Еще в апреле во время эвакуации с Донбасса уехало более 70 % населения. Это много. Но я знаю и таких , кто остался, например, из чувства патриотизма. Наверняка есть и те, кто ждет прихода россиян, но их мало. Я не видел аналитику, не знаю, сколько украинских граждан на оккупированных территориях пошли на сотрудничество с оккупационными властями. Но такие случаи есть , и они не единичны, в частности, среди представителей правоохранительных органов. Тут нечему удивляться: мы знаем, какими были последние 30 лет, что творила Россия и какое агентурное влияние она оказывала в Украине. РФ много над этим работала и тщательно готовилась к полномасштабной войне.

ОМ: Мы несколько раз переносили интервью , потому что Киев был обесточен и мы технически не могли связаться. Как изменялись настроения в Киеве — с начала полномасштабной войны и до настоящего времени?

ПА: Вспоминаю конец февраля. Киев пустовал , вокруг шла война. Я живу на Подоле, и там хорошо было слышно взрывы, выстрелы. Позже киевляне начали потихоньку возвращаться, и меня даже беспокоило, что в городе становится больше людей. Почему? Потому что, когда людей мало, четко понимаешь: идет война.

После одного из последних обстрелов я вышел вечером в город. На Подоле не было света , но один из баров, довольно популярный и среди местных, и среди иностранцев, работал. Посетители сидели в темноте на улице и пили пиво. Выглядело это странно, но ведь люди приспосабливаются к обстоятельствам. Точно так же и бизнес. Некоторые ведут себя ответственно: магазины переходят на частичное освещение , потому что собственники понимают, что нужно экономить. Но вот я иду дальше по Подолу и вижу банк: внутри ни одного клиента, а освещение — полное. Точно так же и с квартирами: в каких-то включена только одна лампочка, а где-то свет зажжен во всех комнатах. Я не вижу значительных изменений за последние недели. К сожалению.

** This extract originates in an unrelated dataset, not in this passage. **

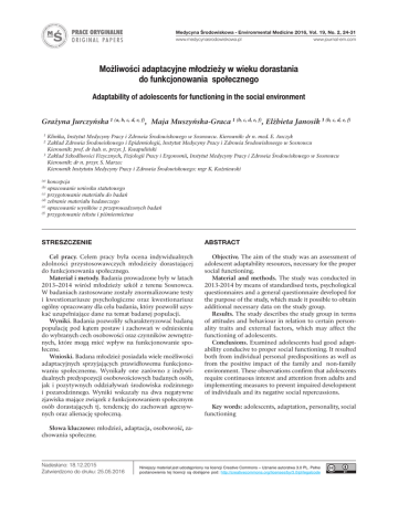 Medycyna Środowiskowa - Environmental Medicine 2016, Vol. 19, No. 2, 24-31 www.journal-em.com www.medycynasrodowiskowa.pl Możliwości adaptacyjne młodzieży w wieku dorastania do funkcjonowania społecznego Adaptability of adolescents for functioning in the social environment Grażyna Jurczyńska 1 (a, b, c, d, e, f), Maja Muszyńska-Graca 1 (b, c, d, e, f), Elżbieta Janosik 3 (b, c, d, e, f) 1 2 3 Klinika, Instytut Medycyny Pracy i Zdrowia Środowiskowego w Sosnowcu. Kierownik: dr n. med. E. Anczyk Zakład Zdrowia Środowiskowego i Epidemiologii, Instytut Medycyny Pracy i Zdrowia Środowiskowego w Sosnowcu Kierownik: prof. dr hab. n. przyr. J. Kwapuliński Zakład Szkodliwości Fizycznych, Fizjologii Pracy i Ergonomii, Instytut Medycyny Pracy i Zdrowia Środowiskowego w Sosnowcu Kierownik: dr n. przyr. S. Marzec Kierownik Instytutu Medycyny Pracy i Zdrowia Środowiskowego: mgr K. Kuźniewski koncepcja opracowanie wniosku statutowego (c) przygotowanie materiału do badań (d) zebranie materiału badawczego (e) opracowanie wyników z przeprowadzonych badań (f) przygotowanie tekstu i piśmiennictwa (a) (b) STRESZCZENIE Cel pracy. Celem pracy była ocena indywidualnych zdolności przystosowawczych młodzieży dorastającej do funkcjonowania społecznego. Materiał i metody. Badania prowadzone były w latach 2013–2014 wśród młodzieży szkół z terenu Sosnowca. W badaniach zastosowane zostały znormalizowane testy i kwestionariusze psychologiczne oraz kwestionariusz ogólny opracowany dla celu badania, który pozwolił uzyskać uzupełniające dane na temat badanej populacji. Wyniki. Badania pozwoliły scharakteryzować badaną populację pod kątem postaw i zachowań w odniesieniu do wybranych cech osobowości oraz czynników zewnętrznych, które mogą mieć wpływ na funkcjonowanie społeczne. Wnioski. Badana młodzież posiadała wiele możliwości adaptacyjnych sprzyjających prawidłowemu funkcjonowaniu społecznemu. Wynikały one zarówno z indywidualnych predyspozycji osobowościowych badanych osób, jak i pozytywnych oddziaływań środowiska rodzinnego i pozarodzinnego. Wyniki wskazały na dwa negatywne zjawiska mające związek z funkcjonowaniem społecznym osób dorastających tj. tendencję do zachowań agresywnych oraz alienację społeczną. Słowa kluczowe: młodzież, adaptacja, osobowość, zachowania społeczne. Nadesłano: 18.12.2015 Zatwierdzono do druku: 25.05.2016 ABSTRACT Objective. The aim of the study was an assessment of adolescent adaptability resources, necessary for the proper social functioning. Material and methods. The study was conducted in 2013-2014 by means of standardised tests, psychological questionnaires and a general questionnaire developed for the purpose of the study, which made it possible to obtain additional necessary data on the study group. Results. The study describes the study group in terms of attitudes and behaviour in relation to certain personality traits and external factors, which may affect the functioning of adolescents. Conclusions. Examined adolescents had good adaptability conducive to proper social functioning. It resulted both from individual personal predispositions as well as from the positive impact of the family and non-family environment. These observations confirm that adolescents require continuous interest and attention from adults and implementing measures to prevent impaired development of individuals and its negative social repercussions. Key words: adolescents, adaptation, personality, social functioning Niniejszy materiał jest udostępniony na licencji Creative Commons – Uznanie autorstwa 3.0 PL. Pełne postanowienia tej licencji są dostępne pod: http://creativecommons.org/licenses/by/3.0/pl/legalcode Medycyna Środowiskowa - Environmental Medicine 2016, Vol. 19, No. 1 25 Grażyna Jurczyńska, Maja Muszyńska-Graca, Elżbieta Janosik: Możliwości adaptacyjne młodzieży w wieku dorastania do funkcjonowania społecznego WSTęp Współczesna młodzież to populacja dorastająca w okresie wielu przeobrażeń cywilizacyjnych dotyczących różnych dziedzin życia człowieka. Zmiany te z jednej strony stwarzają wiele możliwości rozwoju, z drugiej zaś wymagają ciągłego przystosowywania się i radzenia sobie z napotykanymi trudnościami [1–4]. Własny potencjał osobowościowy i zdrowotny stanowi podłoże ogólnego rozwoju jednostki, również w sferze społecznej [5, 6]. Dojrzewanie społeczne jest procesem złożonym i indywidualnie zróżnicowanym, pozostającym w ścisłej zależności z rozwojem emocjonalnym [7, 8]. Im więcej możliwości przystosowawczych posiada jednostka, tym łatwiej jest jej funkcjonować w otaczającej rzeczywistości [9–15]. Zdolności adaptacyjne w psychologii rozumiane są jako kompetencje społeczne czyli złożone umiejętności warunkujące efektywność radzenia sobie w różnych sytuacjach społecznych. Składają się na nie między innymi: zdolność komunikowania się, umiejętność nawiązywania i podtrzymywania pozytywnych relacji interpersonalnych, zdolność osiągania własnych celów przy respektowaniu potrzeb i oczekiwań otoczenia. Kompetencje społeczne można uznać za spójny, funkcjonalny, wykorzystywany w praktyce, uwarunkowany osobowościowo zasób wiedzy i doświadczenia oraz umiejętności, które umożliwiają jednostce podejmowanie i rozwijanie twórczych relacji z innymi osobami, a także aktywne współuczestniczenie w życiu różnych grup społecznych [16–18]. Zdolności adaptacyjne kształtują się w oparciu o kontakty społeczne i indywidualne predyspozycje uwarunkowane genetycznie i biologicznie oraz wpływy środowiskowe, wynikające głównie z funkcjonowania jednostki w rodzinie, a także środowisku pozarodzinnym [19-23]. W przypadku młodzieży uczącej się istotne znaczenie w tym zakresie odgrywają środowisko szkolne oraz pozaszkolne grupy rówieśnicze. Deficyt własnych zasobów osobowościowych, nieprawidłowe oddzia

ОМ: Люди часто говорят , что только после начала полномасштабной войны осознали, насколько сильно у них чувство дома по отношению к своим городам. Стал ли Киев для вас домом?

ПА: Киев стал моим домом намного раньше. Многие иностранцы , в том числе поляки, после переезда в украинскую столицу переживали романтический период очарования ею. У Киева есть шарм, особенная энергия. Но когда очарование проходит, некоторые моменты начинают раздражать. Именно тогда, как ни странно, понимаешь, что это и есть твой дом.

До 24 февраля у меня и мысли не возникало куда-то переехать из Киева или вернуться в Польшу. В начале марта , когда российская армия подошла к столице, остро встали другие вопросы: что делать, если она войдет в город? как продолжать работу? Мы говорили об этом с украинскими журналистами. И даже был момент, когда мы с коллегами жили впятером в одной квартире, так было удобнее: легче покупать воду, еду, можно арендовать одну машину на всех. Мы познакомились с соседями. И, наверное, каждый раз, видя, что мы куда-то уезжаем, соседи думали: вернутся ли они? Соседи ведь не знали, куда и зачем мы едем — а мы ехали, например, в Харьков. И каждый раз , когда мы возвращались, я видел в их глазах облегчение. Мне хотелось с ними говорить, как-то их успокоить. В начале марта, после пресс-конференции Зеленского, я сказал соседям, чтобы они не верили слухам, будто президент покинул Киев, потому что он здесь, я его вчера видел. Еще рассказывал им о ситуации в регионах. И это их успокаивало.

ОМ: Каким был ваш рабочий график после 24 февраля? Куда именно вы ездили записывать материал?

ПА: Для меня начало полномасштабной войны не стало неожиданностью. Я хорошо помню 23 февраля. Мы встретились с коллегами , которые в течение последних лет работали на фронте и разбирались в политике РФ. Все понимали , что вторжение неизбежно. Нас не покидали дурные предчувствия. С начала февраля я писал статьи, ездил по Донбассу. 19 февраля был на передовой в Луганской области, разговаривал с военными, аналитиками, местными жителями — никто не сомневался, что Россия вторгнется, но думали, что от этого пострадает только Донбасс.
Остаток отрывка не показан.